A standardized storage service market would therefore be a logical next step in this commodification: rather than supplying specific information in a standard form (html) for a monthly fee, the storage of raw data would be broken out as it's own service accessed in it's standard form (ones and zeros). In this situation, the procurement and administration of data storage hardware would no longer be the burden of the software service provider, but would rather be handled by dedicated data centers that can serve up files with adequate speed and reliability. Much like the move to web services for applications simplifies the IT requirements of end users down to administration of a simple web browser, the adoption of storage as a service would allow software service providers to specialize in only the development and running of their software while outsourcing the task of building and maintaining a large storage grid.

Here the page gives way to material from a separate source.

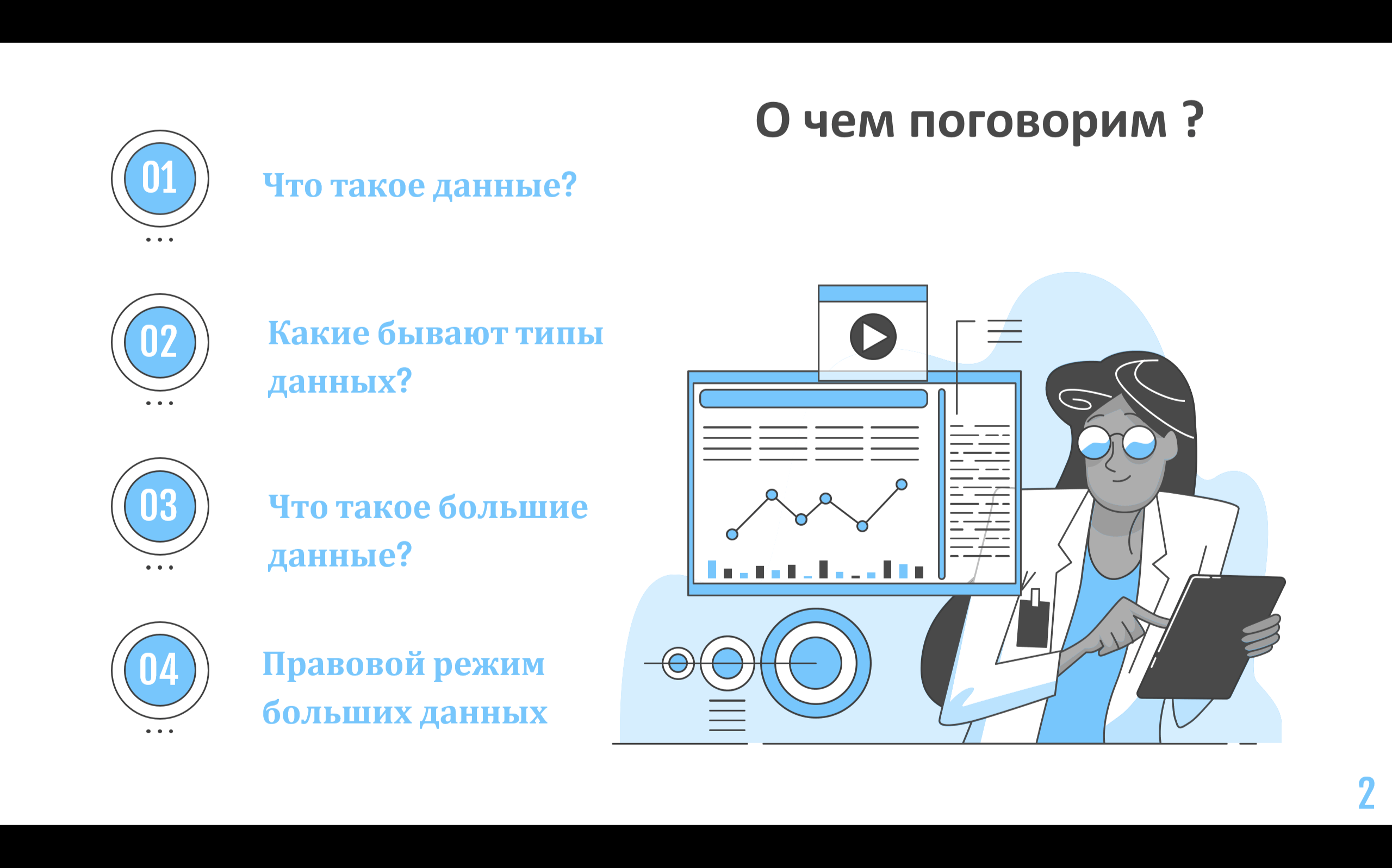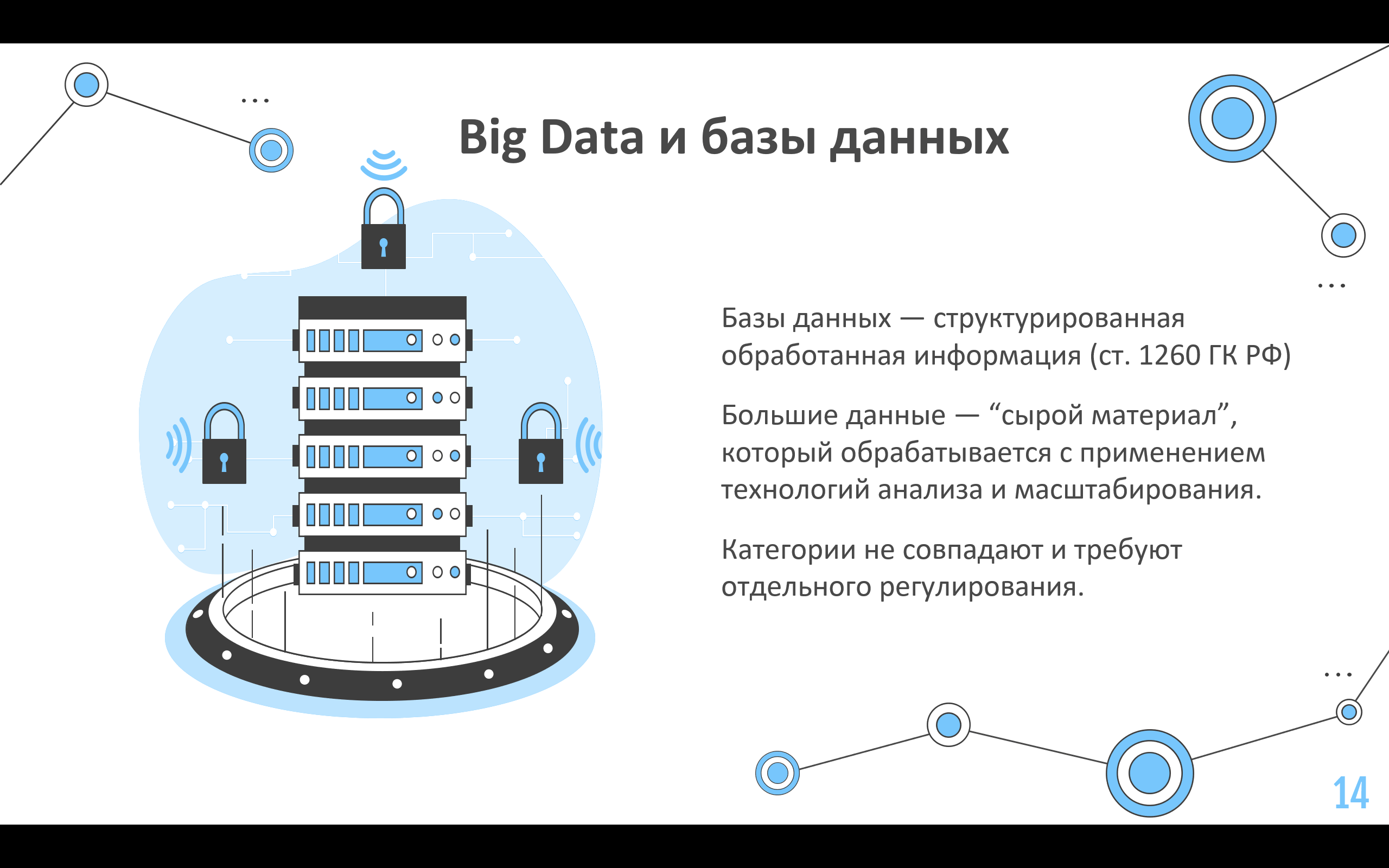 Подготовить доклад и презентацию по правовому режиму больших данных, рассказать в целом что такое большие данные, так чтобы это было понятно человеку далекому от IT

Consider a hypothetical startup company that has developed a new business model for delivering High-Definition video content over the web. The primary costs for the business are the development of the business model, the software development, and a large data center to serve the files to customers. The business model and software make up the company's competitive advantage and are desirable investments. The data center, however, is a large capital expenditure that provides no real competitive advantage (although poor execution of the data center would swiftly kill the business). By purchasing storage contracts from companies specializing in storage services, the storage service provider can deliver a lower per-unit cost for storage, while the HD-video company can focus on supplying a user interface and legal contracts between the video files and the consumer.
Another natural application for such a market would be a service that provides off-site backups. For small companies and individuals, this is often both a must-have service and painfully expensive. Currently, third-party providers of such a service must manage both the software that synchronizes a user's files with an off-site data store and manage the data store itself. If a market existed for instantly purchasing additional data storage per unit time, then the service provider could pay for the exact amount of storage it's customers use without any additional capital expenditure. This would reduce the cost of entry into the off-site backup market considerably, which would in turn increase the likelihood of greater innovation in the available products and lower prices.
Exchange Mechanics
The fundamental use of the storage service exchange would be to buy and sell a standard unit of storage capacity with a variable level of performance for a variable length of time. An openly published protocol would be used as the mechanism to handle access to the storage service being traded and to report performance metrics back to the exchange for future listing.
Service Delivery
The delivery of the service from seller to buyer would require a standard protocol in order to ensure that buyers are able to swap out the service of different providers seamlessly (with little cost as compared to extending their service contract with their current provider). The protocol would also require the buyer's software client to collect performance metrics of the service so that the seller would be listed appropriately on the exchange in the future. The last key feature of the software would be the ability to redirect the service requests to one or more other clients. This would allow reselling of service contracts and enable arbitrage and futures opportunities as described below.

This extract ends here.